Tuesday 4 December 2018

The Principle of Disagreement

Now the question raised by the mode of disagreement is this: Is the Principle of Disagreement true? And the answer is surely: Yes, the Principle is true. For suppose that it were not true. Then the following could be the case. I recognize that there is a dispute about the authenticity of the Magna Moralia, some holding that the work was written by Aristotle himself and others holding that it is a later counterfeit. I believe, further, that the dispute is still undecided: the parties have not come to any agreement, and no decisive argument or consideration for or against authenticity has yet been advanced. Nevertheless (if the Principle is false) it is rational for me to hold that the work is not authentic. Now it seems clear to me that this is incoherent; for how could it possibly be rational for me to plump for authenticity, thus opting for one side of the dispute, and yet still maintain that the dispute is undecided? If it is rational or warranted for me to decide against authenticity, then I must suppose that whatever warrants my decision also and thereby decides the dispute, which I can therefore no longer hold to be undecided. If, on the contrary, I insist that the disagreement remains undecided, then I cannot consistently suppose that my inclination to reject authenticity, whatever it may be founded upon, has any satisfactory justification; and hence it is not rational for me to reject authenticity.

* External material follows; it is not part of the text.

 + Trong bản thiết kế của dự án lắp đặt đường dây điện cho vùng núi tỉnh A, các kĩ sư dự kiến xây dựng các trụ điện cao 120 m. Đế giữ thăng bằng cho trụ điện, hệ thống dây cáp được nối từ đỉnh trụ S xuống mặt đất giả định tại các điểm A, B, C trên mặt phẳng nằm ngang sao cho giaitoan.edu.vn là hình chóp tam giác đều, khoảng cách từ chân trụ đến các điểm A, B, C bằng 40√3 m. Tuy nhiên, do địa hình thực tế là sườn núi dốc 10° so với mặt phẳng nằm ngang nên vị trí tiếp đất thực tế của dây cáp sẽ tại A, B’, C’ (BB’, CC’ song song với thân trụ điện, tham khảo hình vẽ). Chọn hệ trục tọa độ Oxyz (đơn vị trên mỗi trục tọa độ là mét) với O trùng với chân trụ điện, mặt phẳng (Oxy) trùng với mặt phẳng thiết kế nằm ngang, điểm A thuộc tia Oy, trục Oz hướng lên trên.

Of course, I may adopt it as a 'working hypothesis' that the Magna Moralia is a counterfeit. I may act as if the work is spurious – say, by excluding it from my translation of the collected works of Aristotle. But in so acting I am not manifesting any belief that the work is spurious. I am not putting money on the horse. (Moreover, I may perhaps also hold that it is likely or probable that the work will turn out to be spurious. Then I shall indeed hold a belief on the matter – but not a belief which is, in any straightforward way, a party to the disagreement. For the disagreement is not over probabilities but over authenticity.) Thus while recognizing the existence of an unresolved dispute over authenticity, I may yet act as if the work is spurious (and perhaps even take it to be probably spurious); but I cannot rationally believe that it is spurious.

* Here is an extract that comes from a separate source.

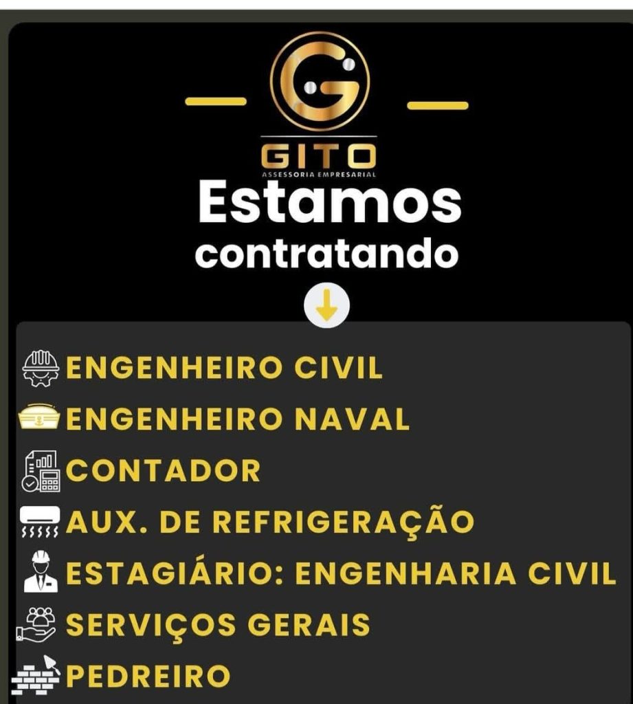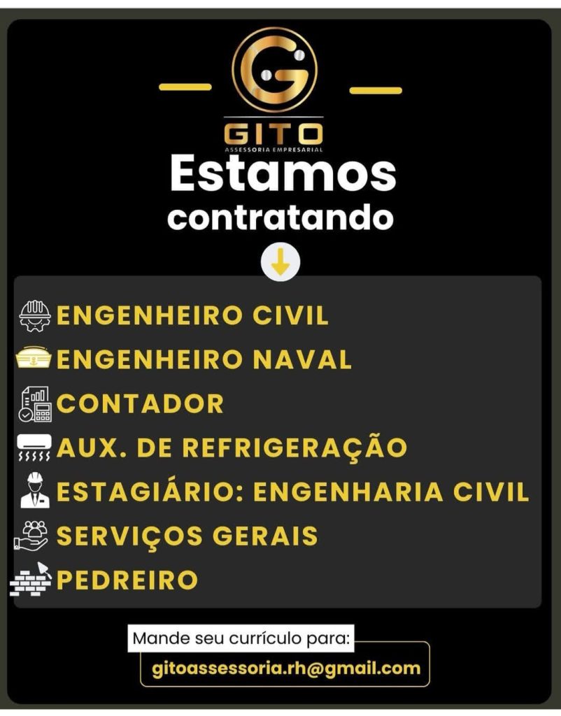 Empresa está selecionando Engenheiro civil, Engenheiro Naval, Contador, Aux de refrigeração, Estagiário engenharia civil, Serviços Gerais, Pedreiro; Envie seu currículo!

If the putative counter-example to the Principle of Disagreement is incoherent, then any putative counter-example is incoherent. And thus the Principle is true. Then since the Principle on which the mode of disagreement rests is true, the mode does indeed induce suspension of judgment. If I recognize undecided dispute over ?Q, then I must – I rationally must – suspend judgment over the matter.

Jonathan Barnes, The Toils of Scepticism.